Wang Yu-Tang, Yang Zhao-Xia, Piao Zan-Hao, Xu Xiao-Juan, Yu Jun-Hong, Zhang Ying-Hua
Department of Food Science, Northeast Agricultural University Harbin 150030 PR China.
Key Laboratory of Dairy Science, Ministry of Education, Northeast Agricultural University China
RSC Adv. 2021 Nov 17;11(58):36942-36950. doi: 10.1039/d1ra06551c. eCollection 2021 Nov 10.

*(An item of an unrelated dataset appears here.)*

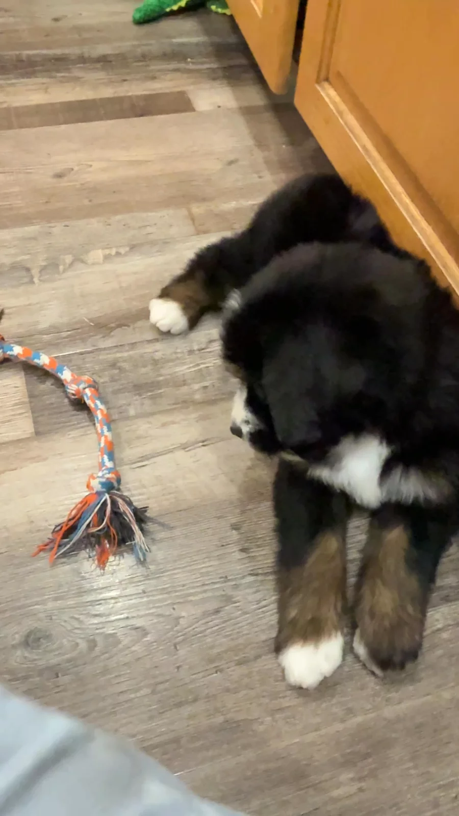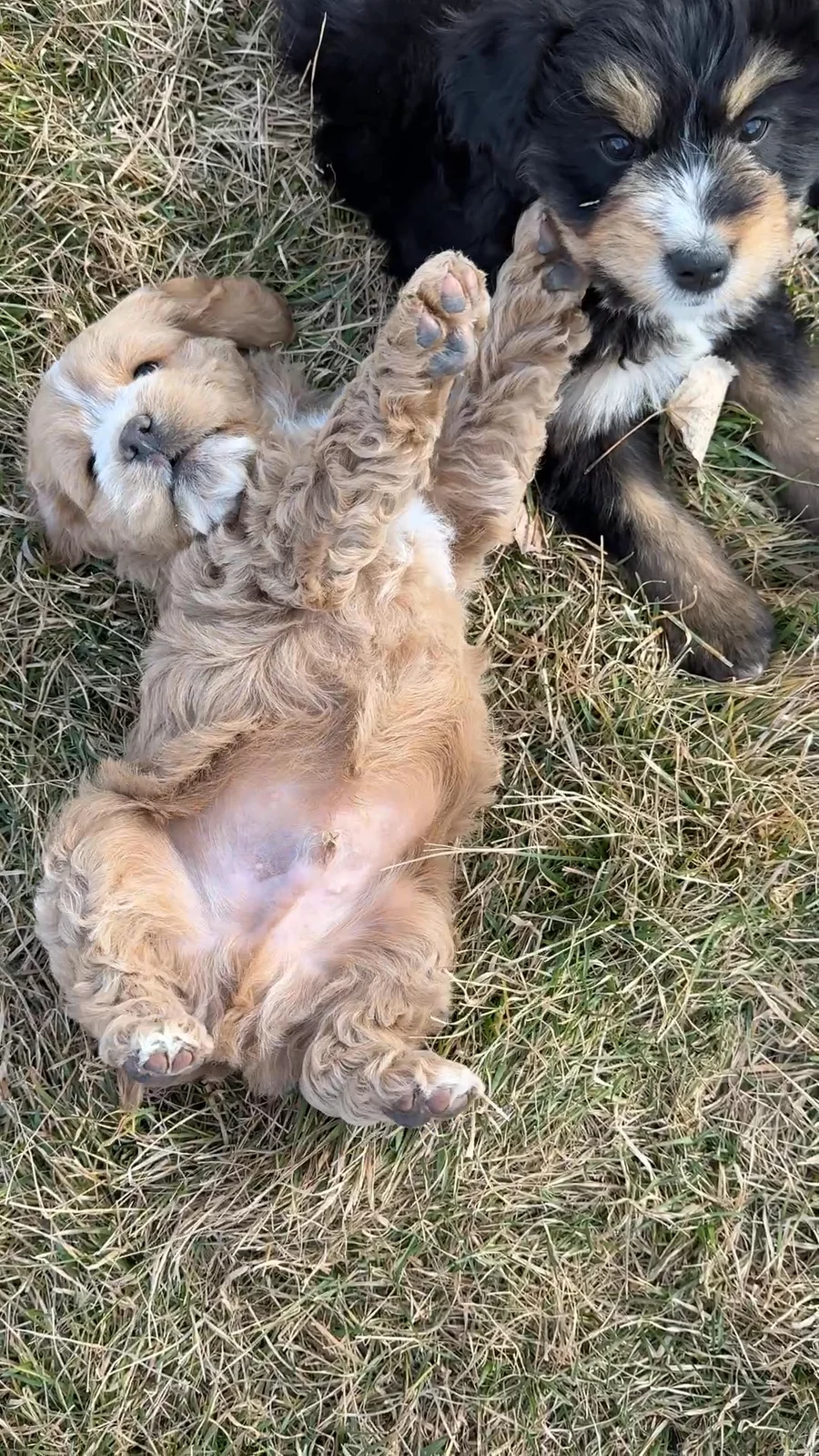 Tug is such a good dog. He loves to be outside and goes to all of our children’s sports games. If he knows we’re leaving anywhere in the car he runs right to the door to come with us. He loves people! He gets so excited when our kids friends come over and recognizes when there is a new face at our house. He loves to play with everyone. He is amazing at going in his crate at night. All we have to do is stand up and say crate and he’ll run right in there for the whole night. He loves going on walks, chasing birds and seeing other dogs. He has a lot of energy, but he also loves to snuggle and loves his belly rubbed. He is multigenerathonal, 53 % Bernese mountain dog 47% poodle to be specific. He weighs 30 lbs may get up to 35. He is 100% clear of genetic disorders. Ofa- Eyes -normal Heart- normal Patella Elbows Thyroid At/At, B/B, E/e, KY/KY, SS, no curl, F/F

In order to make a preliminary prediction of flavor and retention index (RI) for compounds in beer, this work applied the machine learning method to modeling depending on molecular structure. Towards this goal, the flavor compounds in beer from existing literature were collected. The database was classified into four groups as aromatic, bitter, sulfury, and others. The RI values on a non-polar SE-30 column and a polar Carbowax 20M column from the National Institute of Standards Technology (NIST) were investigated. The structures were converted to molecular descriptors calculated by molecular operating environment (MOE), ChemoPy and Mordred, respectively. By combining the pretreatment of the descriptors, machine learning models, including support vector machine (SVM), random forest (RF) and -nearest neighbour (NN) were utilized for beer flavor models. Principal component regression (PCR), random forest regression (RFR) and partial least squares (PLS) regression were employed to predict the RI. The accuracy of the test set was obtained by SVM, RF, and NN. Among them, the combination of descriptors calculated by Mordred and RF model afforded the highest accuracy of 0.686. of the optimal regression model achieved 0.96. The results indicated that the models can be used to predict the flavor of a specific compound in beer and its RI value.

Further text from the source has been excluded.